» RECORDED INFORMATION:
===============

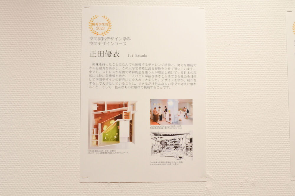 \パネルとともに、空間演出デザイン学科の優秀学生をご紹介/
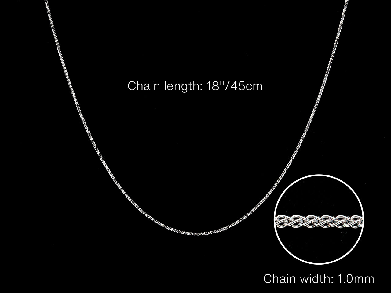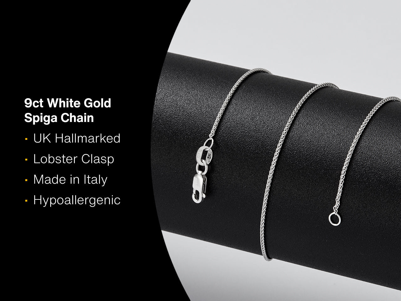 9ct White Gold 1.0mm Spiga Chain -Hallmarked
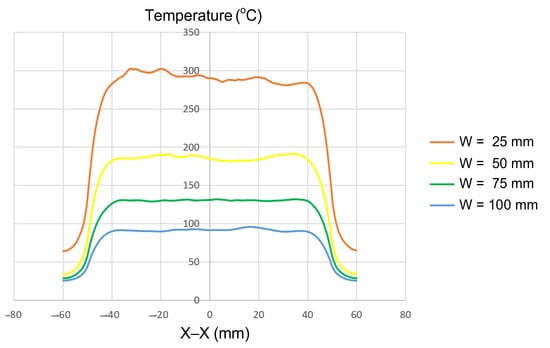 Summary of temperature on the X–X line for the case where the thickness (t) is 1.0 mm, the length (L) is 100 mm, and the width (W) is 25, 50, 75, or 100 mm.

===============

» EXERCISE GOAL: Where a picture appears in the material above, skip it, and print the rest exactly.

» RESPONSE:
 \パネルとともに、空間演出デザイン学科の優秀学生をご紹介/
 9ct White Gold 1.0mm Spiga Chain -Hallmarked
 Summary of temperature on the X–X line for the case where the thickness (t) is 1.0 mm, the length (L) is 100 mm, and the width (W) is 25, 50, 75, or 100 mm.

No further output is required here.